Buchauszug: Markus v. Hänsel-Hohenhausen – Das Verbrechen aus Prinzip

„Der kategorische Imperativ der Aufklärung kann dem Verbrechen also keinen Einhalt gebieten: Wenn das Verbrechen aus Prinzip geschieht, wird es selbst zum kategorischen Imperativ. Nichts konnte den Menschen und nichts kann ihn bis heute an Handlungen hindern, die er kraft seiner Intelligenz als vernünftig zu begründen weiß.
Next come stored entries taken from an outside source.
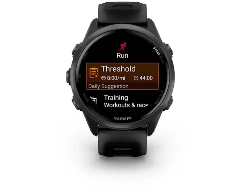Призначені для спортсменів, які прагнуть високих результатів. З новим біговим смарт-годинником Garmin Forerunner 570, який пропонує розширений функціонал для тренувань та відновлення, а також персоналізовані плани тренувань Garmin Coach для бігу та тріатлону, ваші заняття спортом стануть більш продуктивними. Виглядають красиво, працюють чудово! Завдяки яскравому AMOLED-дисплею, легкому алюмінієвому безелю та різноманітній колірній палітрі в дизайні цей годинник привертає до себе увагу, виглядає креативно, але при цьому зручний як на тренуваннях, так і в повсякденному носінні. Компанія Garmin надає вибір споживачеві, пропонуючи два розміри смарт-годин: 42 мм та 47 мм. Автономність Forerunner 570 – до 10/11 днів при звичайному використанні в режимі розумного годинника. «Трохи зайнятий. Що трапилося? Чи знайома вам така ситуація, коли відволікають від тренування телефонними дзвінками? А у вас немає можливості перервати активність або просто незручно взяти в спітнілі руки телефон? Якщо так, то розумний годинник Forerunner 570 вас порадує тим, що в їхній корпус інтегровані динамік і мікрофон, за допомогою яких можна приймати дзвінки під час пробіжки прямо на зап’ястя. Яскравий 1,2-дюймовий AMOLED-дисплей До 18 годин роботи батареї в режимі GPS Розширені функції для тренувань та відновлення Технологія SatIQ та багатодіапазонний GPS Легкий алюмінієвий безель Музика на вашому зап’ясті Що вам сподобається Адаптивні плани тренувань Garmin Coach Підготуйтеся до наступного забігу, тренуйтеся для досягнення важливого результату або просто покращіть свою фізичну форму за допомогою планів тренувань Garmin Coach для бігу, тріатлону, велоспорту чи силових тренувань. Виберіть потрібний план, і він щодня адаптуватиметься для персоналізованих тренувань на основі показників вашої продуктивності, відновлення та здоров’я. Готовність до тренувань З моменту пробудження ви отримуєте оцінку готовності, засновану на даних про якість сну, відновлення, тренувальні навантаження та інші параметри, щоб ви могли визначити, для чого підходить сьогоднішній день – для інтенсивного навантаження або для розслаблення. Статус тренування Використовуючи такі показники, як статус варіабельності серцевого ритму, історія останніх тренувань та максимальний рівень споживання кисню (VO2), ви легко зможете оцінити ефективність тренувань і дізнатися, чи тренуєтеся ви продуктивно, чи перебуваєте на піку форми, чи відчуваєте перенапругу Вечірній звіт Щоб краще підготуватися до наступного дня, перед сном ви отримаєте вечірній звіт з нагадуваннями про потребу уві сні, завтрашнє тренування, погоду та намічені події. Щоденні рекомендовані тренування Отримуйте рекомендації з тренувань, розроблені спеціально для вас та на основі ваших даних. Ці рекомендації відрізняються за інтенсивністю та адаптуються після кожного тренування з урахуванням продуктивності та відновлення. Вбудовані динамік та мікрофон Здійснюйте та приймайте телефонні дзвінки з годинника, коли вони пов’язані зі смартфоном. Крім того, керуйте функціями годинника за допомогою голосових команд або використовуйте голосового помічника смартфона, щоб відповідати на текстові повідомлення та багато іншого. З’єднання Музика Завантажуйте пісні та плейлисти зі своїх облікових записів Spotify, Deezer або Amazon Music для прослуховування без телефону. Функції безпеки 
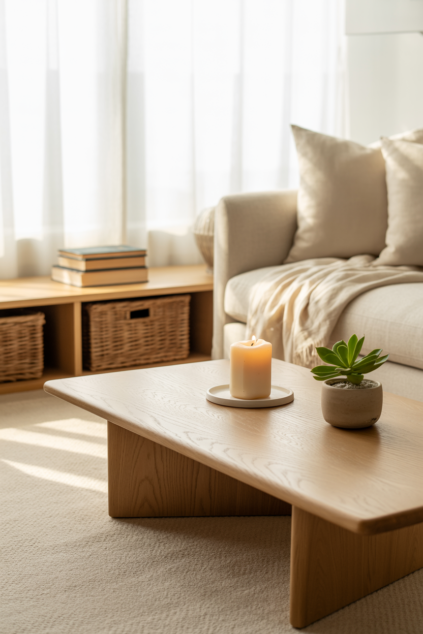 - Keep surfaces clear. That coffee table? Only keep essentials like a candle, a small plant, or a book you’re reading. Everything else goes into drawers or baskets.
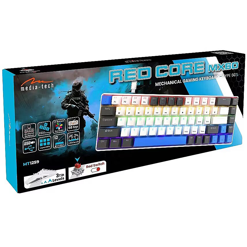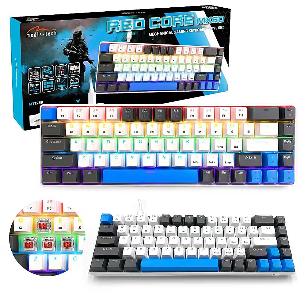 Description - Media-Tech RED CORE MX60 60% Mechanical Gaming Keyboard  60% Mechanical Keyboard RED CORE MX60 MT1259  Discover the precision and speed of the new Media-Tech RED CORE MX60 mechanical keyboard, designed especially for demanding gamers. This compact 60% gaming keyboard combines professional craftsmanship, advanced technology, and stylish designoffering everything you need to gain an edge in gaming. Precise RED Mechanical Switches The RED CORE MX60 is equipped with durable RED mechanical switches, tested for up to 50 million keystrokes. These professional-grade switches deliver lightning-fast response and reliability during intense gaming sessions. Unlike membrane keyboards, every mechanical key works independently, ensuring precise and responsive performance for years of use. Compact 60% Layout More space for gaming The 60% layout is the perfect solution for players who value ergonomics and desk space. With 68 keys in a compact housing, the keyboard takes up minimal space, giving you more room for smooth mouse movements. The Media-Tech 60% keyboard is easy to carry, making it ideal both for home use and esports tournaments. Advanced Gaming Features Anti-ghosting technology for 25 keys eliminates input conflicts during simultaneous key presses. 12 multimedia functions accessible via the FN key allow quick control of music playback and volume adjustment without interrupting your game. The RED CORE MX60 gaming keyboard also offers 3 adjustable tilt angles, letting you customize your setup for maximum comfort. Spectacular Key Backlighting 19 dynamic lighting modes transform every gaming session into a visual spectacle. The multicolor illumination not only looks impressive but also makes gaming easier in low-light conditions. With a wide range of lighting effects, you can fully personalize the keyboard to match your gaming style and setup. Universal Compatibility & Easy Setup The 160 cm USB-C cable provides a stable connection to your computer. The RED CORE MX60 is fully compatible with Windows (8, 10, 11) and Mac OSno additional drivers required. Plug-and-play functionality means you can jump straight into gaming after connecting the keyboard. The Media-Tech RED CORE MX60 mechanical gaming keyboard is a professional tool that combines durability, precision, compact size, and stunning illumination. Perfect for gamers seeking a high-quality 60% keyboard with advanced gaming features. Two Stylish Color Variants The Media-Tech RED CORE MX60 comes in two attractive color editions to match your personal taste and gaming setup. MT1259 A fresh combination of white, gray, and blue, giving the keyboard a modern look that perfectly complements light-colored computer setups. MT1260 A bold black-gray-green design, delivering a strong gaming vibe and looking great in any professional setup. With two color options, every gamer can choose a keyboard that perfectly fits their style and environment.
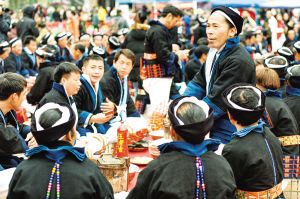 每逢重要節(jié)日,白褲瑤群眾都有舉辦長席宴的習俗。以前,芭蕉葉當作盤子,芭芒干折成筷子,一個飯團、一塊牛肉,再加一碗酒,就是長席宴的全部?,F(xiàn)在改變了很多,但不變的是白褲瑤自然、和諧、平等的美德。2019年2月拍攝。
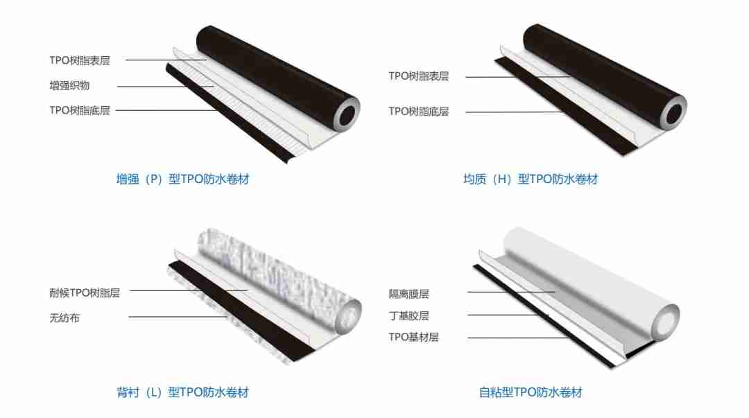 熱塑性聚烯烴(TPO)防水卷材是采用特殊的共混技術將乙丙橡膠與聚丙烯聚合在一起,添加抗氧劑、光穩定劑、高效阻燃劑等助劑,通過擠出工藝制成的新型防水卷材。卷材不含有毒有害物質,屬于綠色環保的防水卷材。

Ein echtes Ethos bewirkt aber genau dies. Es ist auch bindend, wenn ihm das ideologische, politische, wirtschaftliche oder ein beliebiges anderes Kalkül widerstreitet. Ein Ethos, das das Leben schützt, kann irrational sein, Ethik dagegen rationalisiert die Gesellschaft. […]

In den beiden aufgeklärten Jahrhunderten wurde fast jede nur vorstellbare Gewalttat und Pervertierung sittlicher Vorstellung Wirklichkeit – von Vernunftsgründen gerechtfertigt. Weil das natürliche Empfinden sich auf Greueltaten, trotz angeführter rationaler Gründe, d.h. auf das Fehlen eines Ethos, dennoch nicht einzustellen vermochte, kam die Vorstellung auf von der „Würde des Menschen“.“

(Dr. Markus von Hänsel-Hohenhausen, Hitler und die Aufklärung – Der philosophische Ort des Dritten Reiches, Seite 28-29)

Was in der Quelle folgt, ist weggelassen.